The fixed annual limit of 4,000 on the UK medical student intake must be lifted to avert a crisis in the early years of the next century, according to the first report of the Medical Manpower Standing Advisory Committee.

Moreover, doctors must be more willing to devolve some of their traditional responsibilities. Nurses and radiographers could do many of the tasks claimed by doctors to free more time for treating patients. Junior doctors also do too much clerical work, administration of intravenous drugs and ante-natal care.

Regardless of efficiency improvements, the freeze on the annual medical student intake must be removed because of the trend towards earlier retirement among doctors, demographic changes, increased public expectations about doctors' services and extra workloads caused by recent legislation.

The committee's report says: 'The Patient's Charter has increased public awareness of the services that doctors provide. More consultation time will be needed to see and treat patients. The Children Act and the Mental Health Act are contributing to increased demands on general practice, paediatrics and psychiatry. As the average age of the population increases, there will be greater demand for GP services.' Over the next 20 years the UK's population is set to increase by 4.3 per cent to 60 million and over-75s by 12.5 per cent.

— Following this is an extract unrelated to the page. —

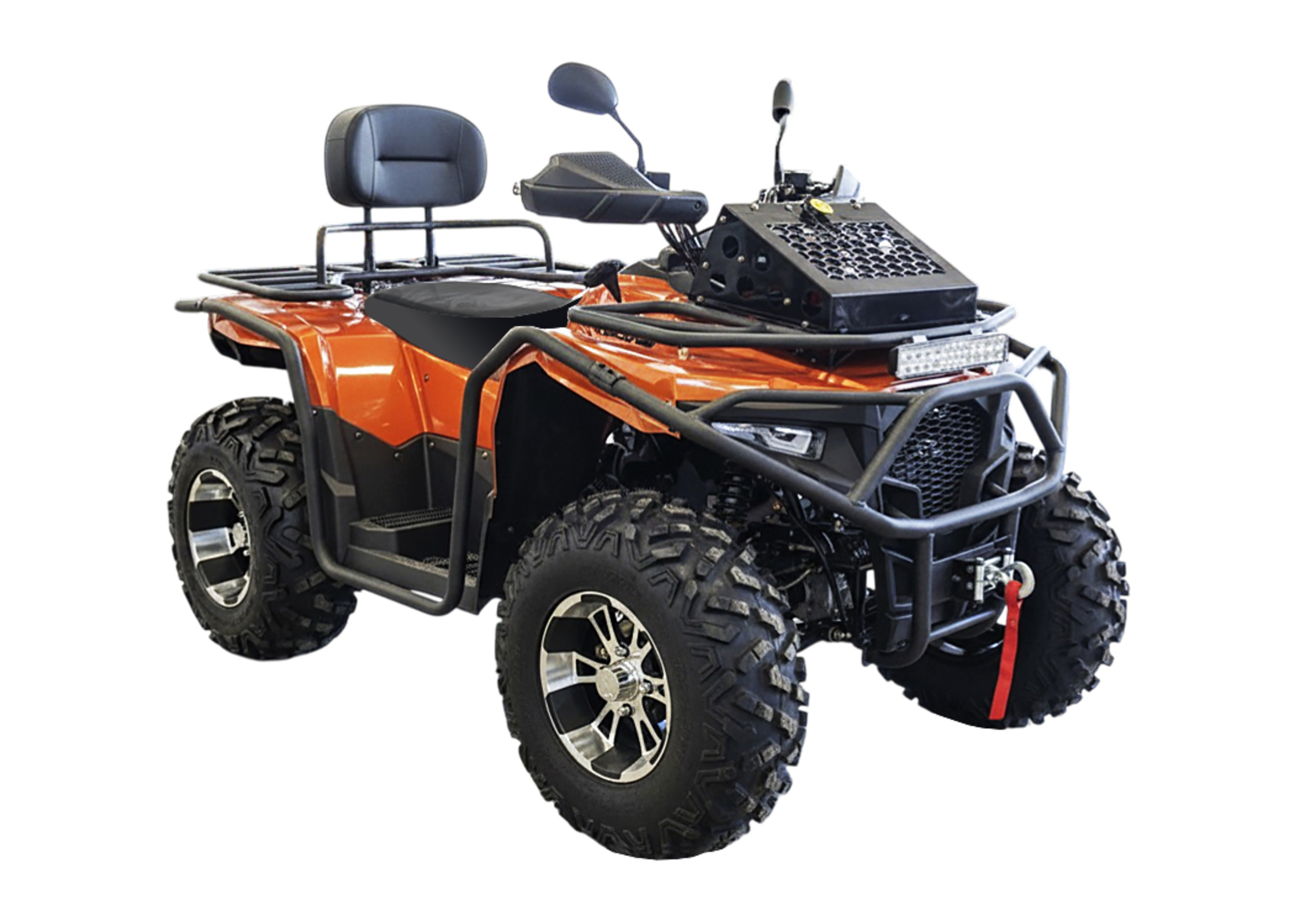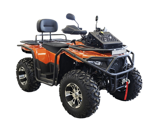Отдельное внимание уделено оснащению: уже в базовой комплектации предусмотрены лебёдка с дистанционным управлением, защита по кругу, подогрев руля, фаркоп, яркая LED-оптика и дополнительный свет. Квадроцикл готов к работе сразу после покупки — без необходимости дооснащения.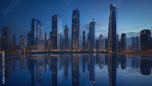 Fototapeta premium City Skyline at Dusk with Reflections in Water cityscape

The advisory committee, chaired by Professor Colin Campbell, vice-chancellor of Nottingham University, received evidence from the medical Royal Colleges that the national shortage of consultants was already severe, particularly among cancer and urology specialists.

However, the advisory committee believes that the colleges' estimate that consultant numbers need to rise by at least half cannot be met, given contraints on spending and improvements in medical technologies. It also says that unless the NHS concedes pressures for more flexible medical working practices, notably more part-time working, drop-out rates will grow.

Senior hospital doctors are to carry out a survey of bed closures and cancelled operations in the NHS. The move by the British Medical Association's central consultants' and specialists' committee follows protests about financial crises in the NHS from several hospitals, including Winchester, Derby, Darlington and Cardiff.